MATERIAL SHOWN =
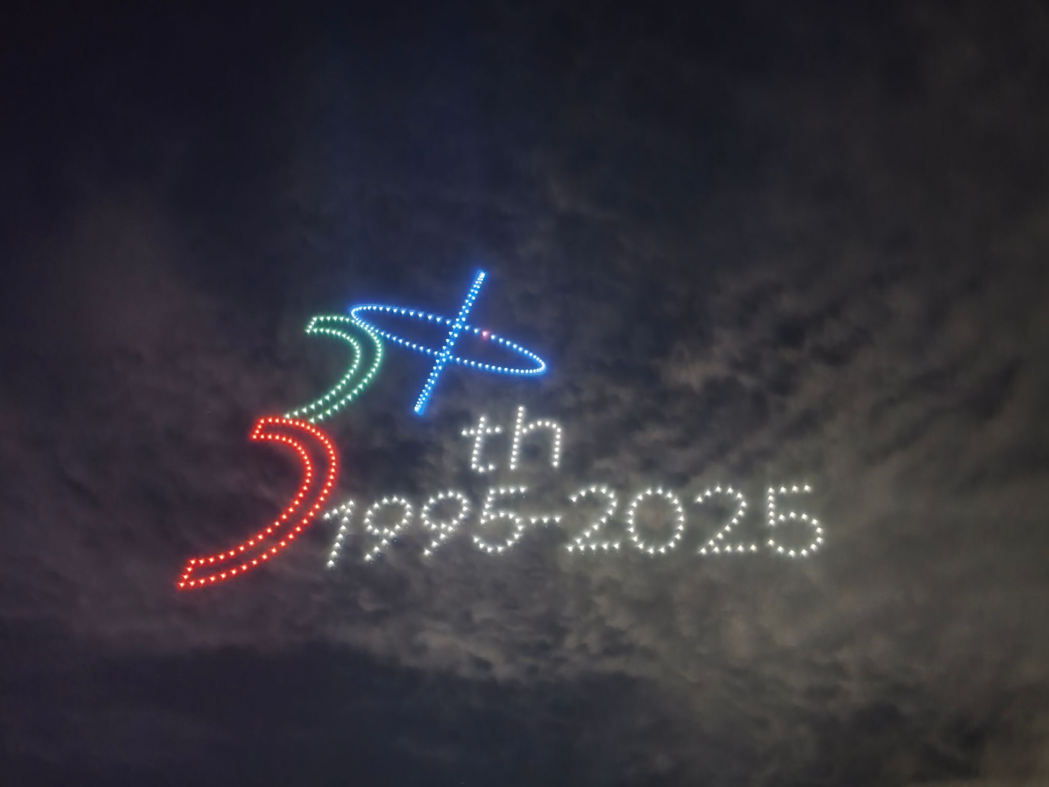 无人机呼啸升空,“欧亚30岁生日快乐”“做平凡世界的一束光”在夜幕里次第点燃——掌声如潮,灯海如昼。无人看见,人群里那抹悄悄扬起的嘴角:他们和光同尘,却把自己留在暗处。几分钟的绚烂,是Xdea青年社区把青春摁进每一帧像素,替母校守岁,也替所有人守住仰望的亮度。
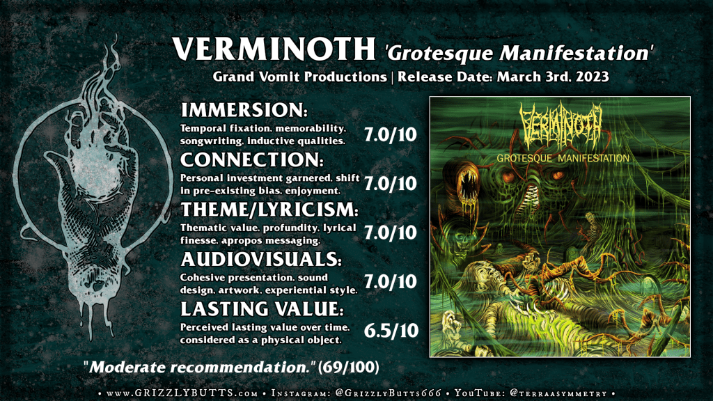 Pennsylvania-based death metal quintet Verminoth bring a fairly approachable blend of straightforward, menacing death metal grooves and slamming brutal death production values on this EP, which follows their 2021 released debut full-length. These guys have definitely pushed out material quick having just formed in 2020 and while most of it is solid in terms of a distinct enough sound the riffs, or, the guitar interest isn’t quite there for my taste just yet. The drum production feels artificial yet appropriately so since their style lines up with the modern slow-motion slam feeling of the record, in fact the brutal thud of it all ends up being the major draw for my own taste as they begin to toss in guttural vocals and change it up over the course of these four songs. This is probably the best introduction to Verminoth‘s sound yet if you’re a newcomer but if you show up looking for the more pinging snare of their full-length this’ll be something a bit different to sit with.
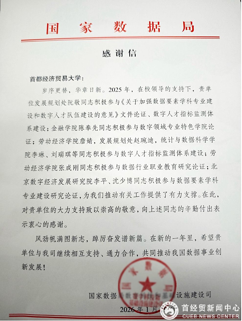 近日,国家数据局发来感谢信,对我校发展规划处、统计与数据科学学院、金融学院、劳动经济学院以及北京数字经济发展研究院的多位师生在数字人才队伍建设与数据要素学科专业建设等工作中所发挥的积极作用表示衷心感谢。
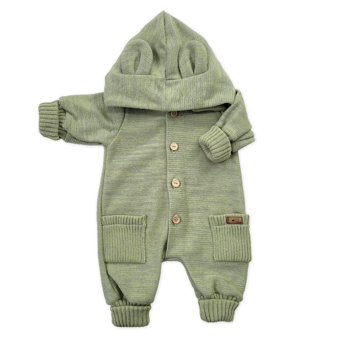 - Dětský pletený overálek s odepínací kapucí - olivový
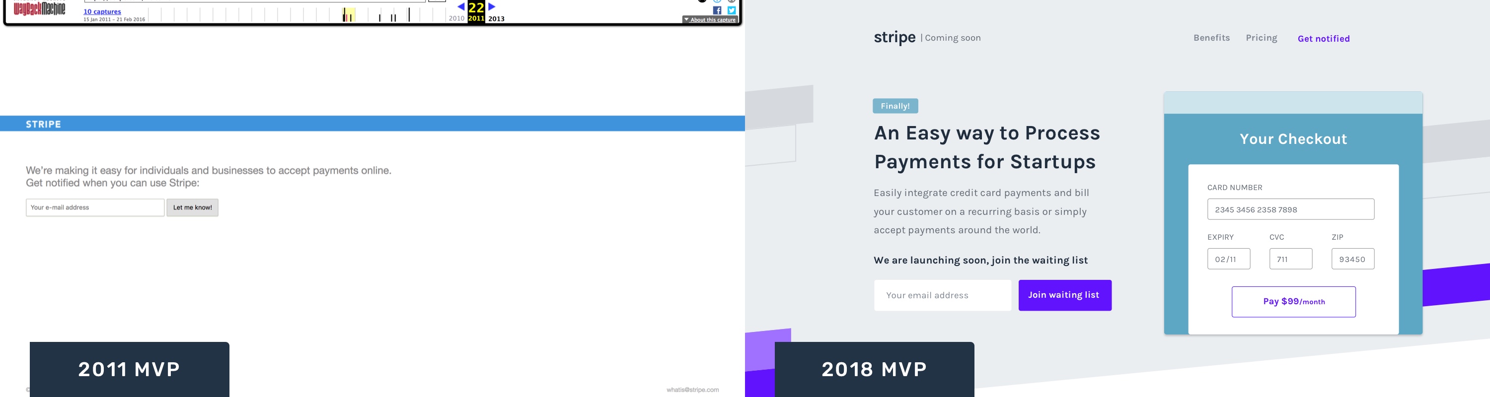 Here’s a sneak peek of what Stripe’s page should look like if they were launching there MVP today (assuming the same payment technologies from 2010 otherwise they would have several competitors already)
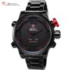 Gulper SHARK Sport Watch Series Digital LED Stainless Full Steel Black Red Date Day Alarm Men’s Quartz Military Watches / SH105 Description: – We focus on the manufacturing process. Every part of every shark watch is meticulous and durable. – We combined the graduation and dial with 3D design. The visual area of the dial is bigger and clearer. – Innovative big button, easy to press. – Day and Date with LED display. – Durable gears and material. – Alarm function Main Features: – Gulper Shark Series – Designed by renowned Italian Watch Designer "Mr. Leonardo Cristiano". – High precision quartz movement with the latest breakthrough Technology. – Specially designed with Big Case. – Water Resistant (Not suitable for swimming, diving, shower etc.). – 12-month International Guarantee Specification (approximate): – Case Diameter: 5.0cm (1.97 inch) approx. – Case Thickness: 1.5cm (0.59 inch) approx. – Case Material: Stainless Steel – Band Length: 18cm (7.09 inch) approx. – Band Material: Stainless Steel – Band Adjustable: Yes Package Included: – 1 x Genuine Shark Watch – 1 x Official Gift Box with 12-month Guarantee Card
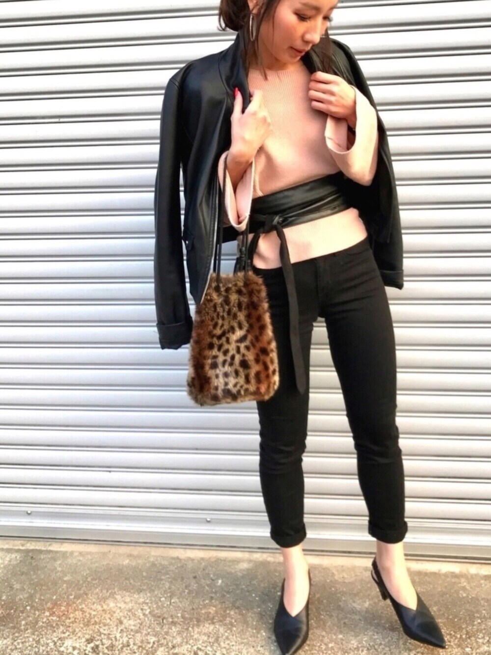 お仕事コーディネート❤️ ブラックコーデにくすみピンクのニット❤️ 何か足りない時は、サッシュベルトでウエストマークします👍💕 ここ最近、花粉がたくさん飛んでるみたいで私は全く花粉症ないんやけど、子供達が鼻ぐずぐずですー😂😂 花粉症ほんま辛そー😭
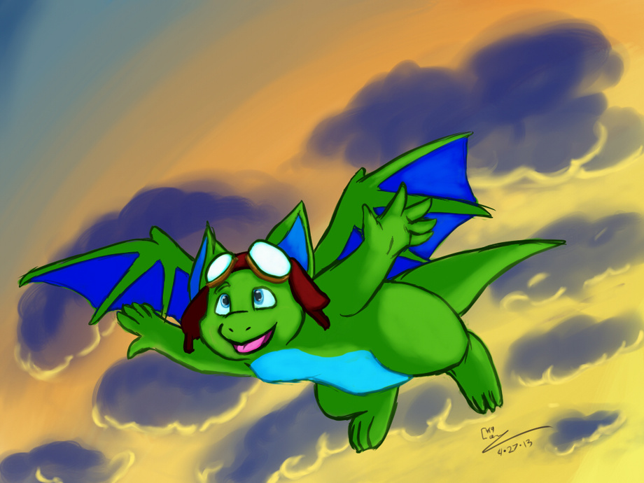That is not the case in this pic! I loved Pocket Dragon Adventures as a kid and I wanted to draw my favorite character, Zoom Zoom! For those of you who don't know, Zoom Zoom here can't fly, he glides, so I decided to grant his hearts desire and let him soar through the clouds during a beautiful sunset.
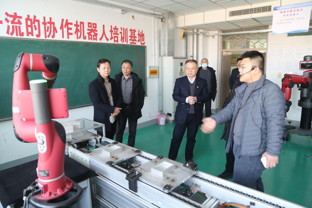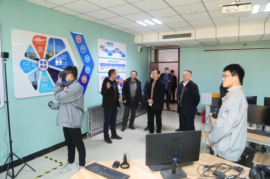 为进一步深化产教融合、促进企校合作,完善高技能人才培养政策,优化高技能人才培养体系,打造高技能人才培养高地,为经济高质量发展提供人才支撑,2月24日下午,山东省设备管理协会副秘书长、调研组组长杨双健等一行3人,在市工信局吴楠科长陪同下到我院考察调研 “VR+制造”智慧学习工场公共实训基地。
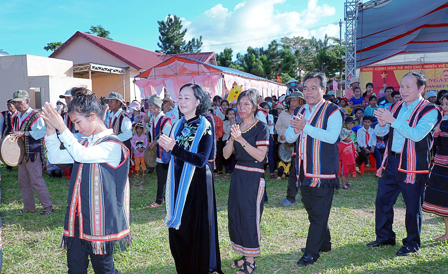 Đồng chí Trương Thị Mai, Ủy viên Bộ Chính trị, Bí thư Trung ương Đảng, Trưởng Ban Tổ chức Trung ương dự Ngày hội Đại đoàn kết toàn dân tộc với đồng bào Ba-na tại làng Wâu, xã Chư Á, thành phố Pleiku, tỉnh Gia Lai_Ảnh: TTXVN
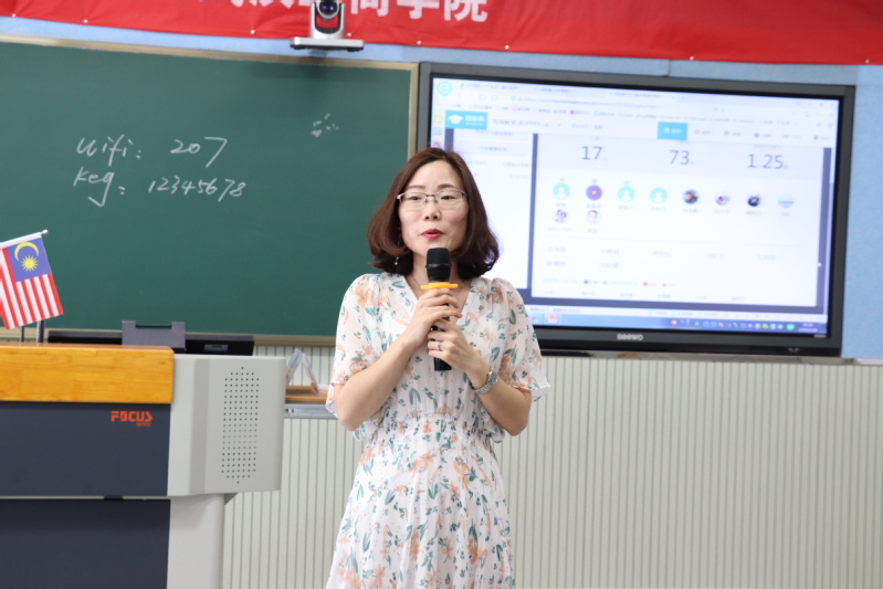 随后,陈敏主任介绍了本次研习班培训课程安排,课程针对马来西亚华文独中商业学教师的需求,主要围绕工商管理、电子商务、物流管理等与商业学教学相关的内容进行设计,同时加入了BOPPPS教学法课程模块,其中包括三次应用型实训体验课。
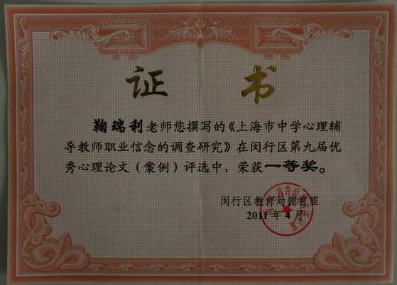 2011.04鞠瑞利----撰写的《上海市中学心理辅导教育职业信念的调查研究》获闵行区第九届优秀心理论文(案例)评选一等奖(证书).jpg
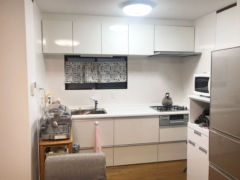 ・シンプルな白いキッチンに白系のクロスを併せたことにより、室内全体が明るくなりました。
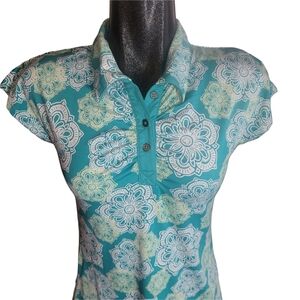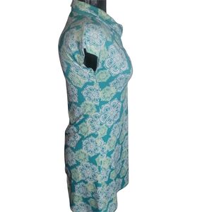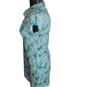 Elevate your style with this chic teal and white dress featuring a beautiful floral pattern. Collared with 3 button neckline and short sleeves.
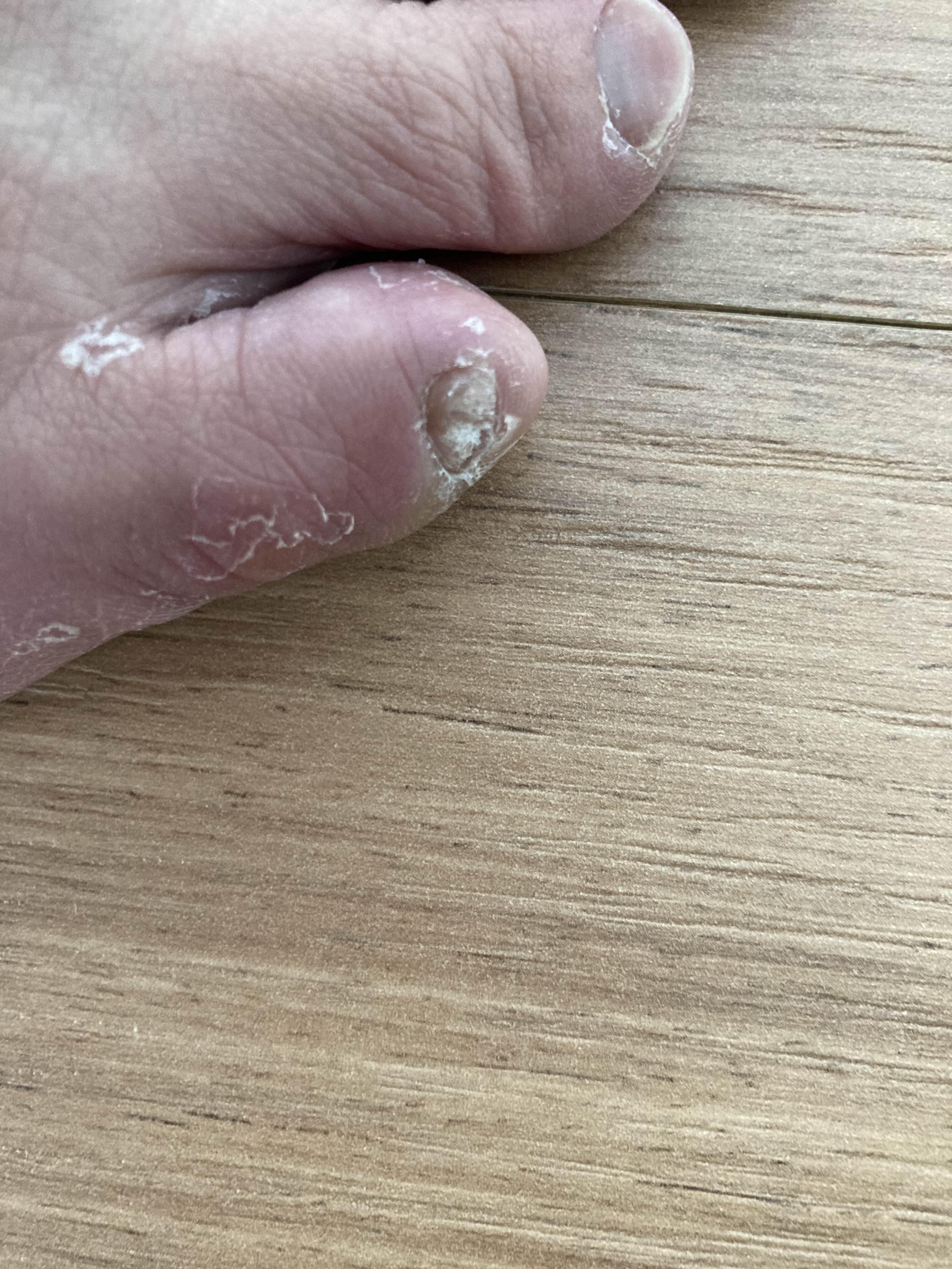발톱 주변의 피부 각질이 항상 있었는데 (왼쪽), 이제는 각질 형태가 보이지 않습니다. (오른쪽)

ACTION ITEM = Reproduce, word for word, everything in the listing above from the line containing "- Dětský pletený" down to the line containing "Here’s a sneak", both of them included. No pictures.

YOUR RESPONSE =
 - Dětský pletený overálek s odepínací kapucí - olivový
 Here’s a sneak peek of what Stripe’s page should look like if they were launching there MVP today (assuming the same payment technologies from 2010 otherwise they would have several competitors already)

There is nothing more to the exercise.